I took my daughter’s ,Sophia, favorite blanket away before bed tonight because she shook her baby sister and pushed her down. It was all play for her but turned out hurting Camila and causing her to cry. Also made me really upset that she did that. I yelled at her to go to her room and picked up the baby from the floor. I calmed the baby down and I sat back down at our dinner table where I was enjoying a slice of cheesecake with my sister before it all happened. Edgardo , father of my kids/ boyfriend, was washing dishes. He said nothing. I felt as if I over reacted or was I the only one that thought what Sophia did was wrong?
I went up to check on Sophia and she was sitting on her bunk. Her birthday is right around the corner. I told her that with all the bad behavior that has been happening recently with her that I would cancel her birthday trip to Six Flags if she didn’t start behaving. I went back downstairs and still nothing from Edgardo. So I asked him if he was going to say anything and he replied “you already handled it.”
My sister was still there but getting ready to leave since it got a bit awkward. When she got up Edgardo went to the bathroom and was going to shave. So she asked me if I wanted to talk about it ? I couldn’t help but break down a little bit. I felt stupid , like a bad mom and just frustrated from having to yell at my kids everyday. I couldn’t even enjoy a slice of cheesecake without having to tell my kids not to do something. If it’s not one kid it’s another. It’s usually Camila who won’t let me eat because she wants to be in my arms all the time, but she was fine and playing on the floor and Sophia came and had to bother her.

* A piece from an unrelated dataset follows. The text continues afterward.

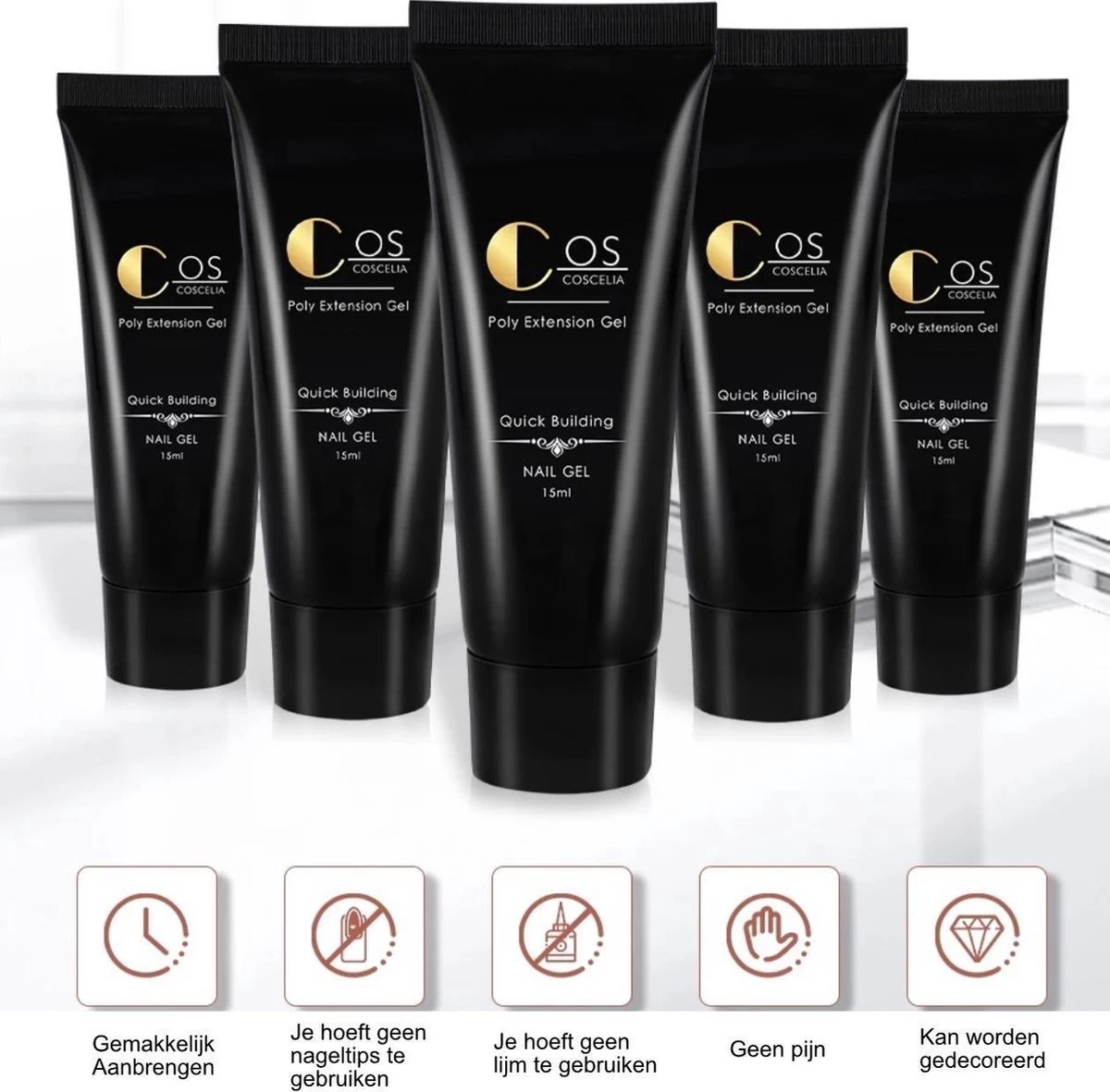 - 6 x Kleuren Quick Building Poly Gel a 15ML (voor kleuren zie hoofdfoto, kleurnummers: 01-02-03-05-07-09)
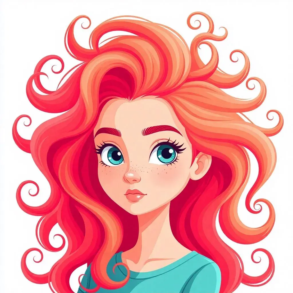 cartoon style, with coral hair hair made out of coral Tornado Step

My sister left and the baby and I went up to our room. I sat her in her crib so that I could put some clothes away. Then I put her to sleep. Edgardo was in the shower while I was putting the baby to sleep , but after he was out of the shower he came to ask me why I took Sophia’s blanket away. I told him that grounding her isn’t working and isn’t teaching her a lesson, but also that I didn’t want to argue so to take the blanket and give it to her. He grabbed the blanket and then asked me if he can ask me something without me getting mad. So he asked ” why do you favor Diego and the baby ? Why are you so mean to Sophia?” I was honestly hurt by his question. I said I don’t favor anyone. He said that my sister’s notice it and he notices that I’m meaner to her. Again I said I don’t think I am.
I really don’t think I am. My daughter Sophia is definitely a more active child. She likes to do cartwheels in the living room and just do things without thinking. She has a lot of energy, more then what I can keep up with. Unfortunately, with the baby I barely have energy for myself and that makes it difficult for me to keep up with my older two.
I am hurt tonight by being accused of favouritism.
My dear Sophia, I love you as much as I love Diego and Camila. I carried all three of you in my womb and loved you guys before I even met you guys. You were my first little girl. I wanted a little girl so badly and I was blessed with you. I hope you never feel belittled by me because that is never my intention. I love you Janette Sophia !!!